Именно в этом отношении работа фон Вригта "Интерпретация и Объяснение"
является, на мой взгляд, поворотным пунктом в поствитгенштейнианской
дискуссии о деятельности. Инициатива может быть понята только как слияние
двух моментов - интенционального и системного, - поскольку она вводит в
действие, с одной стороны, цепи практических силлогизмов, а с другой
стороны, - внутренние связи физических систем, выбор которых определяется
феноменом вмешательства. Действовать в точном смысле слова означает
приводить в движение систему, исходя из ее начального состояния, заставляя
совпасть "способность - делать" (un pouvoir-faire), которой располагает
агент, с возможностью, которую предоставляет замкнутая в себе система. С
этой точки зрения следует перестать представлять мир в качестве системы
универсального детерминизма и подвергнуть анализу отдельные типы
рациональности, структурирующие различные физические системы, в разрывах
между которыми начинают действовать человеческие силы. Здесь обнаруживается
любопытный круг, который с позиций герменевтики в ее широком понимании
можно было бы представить следующим образом: без начального состояния нет
системы, но без вмешательства нет начального состояния; наконец, нет
вмешательства без реализации способности агента, могущего ее осуществить.

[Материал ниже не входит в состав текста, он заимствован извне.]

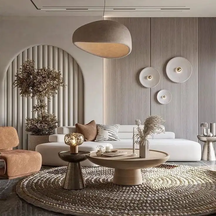 ترکیب مینیمالیسم ژاپنی (خلوت، دقیق، ساده) با گرمای اسکاندیناوی (بافتهای نرم، نور گرم، حس دنج). نتیجه: پذیرایی آروم، مرتب و مهربون.

Таковы общие черты, помимо тех, которые можно заимствовать из теории
текста, сближающие поле текста и поле практики.
в) В заключение я хотел бы подчеркнуть, что это совпадение не
является случайным. Мы говорили о возможности текста быть прочитанным, о
квазитексте, об интеллигибельности действия. Можно пойти еще дальше и
выделить в самом поле практики такие черты, которые заставляют объединить
объяснение и понимание.
Одновременно с феноменом фиксации посредством письма можно говорить о
вписываемости действия в ткань истории, на которую оно накладывает
отпечаток и в которой оставляет свой след; в этом смысле можно говорить о
явлениях архивирования, регистрирования (английское record), которые
напоминают письменную фиксацию действия в мире.
Одновременно с зарождением семантической автономии текста по
отношению к автору действия отделяются от совершающих их субъектов, а
тексты - от их авторов: действия имеют свою собственную историю, свое
особое предназначение, и поэтому некоторые из них могут вызывать
нежелательные результаты; отсюда вытекает проблема исторической
ответственности инициатора действия, осуществляющего свой проект. Кроме
того, можно было бы говорить о перспективном значении действий в отличие от
их актуальной значимости; благодаря автономизации, о которой только что шла
речь, действия, направленные на мир, вводят в него долговременные значения,
которые претерпевают ряд деконтекстуализаций и реконтекстуализаций; именно
благодаря этой цепи выключении и включений некоторые произведения - такие,
как произведения искусства и творения культуры в целом, - приобретают
долговременное значение великих шедевров. Наконец - и это особенно
существенно - можно сказать, что действия, как и книги, являются
произведениями, открытыми множеству читателей. Как и в сфере письма, здесь
то одерживает победу возможность быть прочитанными, то верх берет неясность
и даже стремление все запутать. Итак, ни в коей мере не искажая специфики
практики, можно применить к ней девиз герменевтики текста: больше
объяснять, чтобы лучше понимать.
Литература
1. Э.А. Капитонов. Социология XX века. Ростов-на-Дону, 1996.
2. П. Рикер. Герменевтика и метод социальных наук.
3. Советский энциклопедический словарь. М., 1980.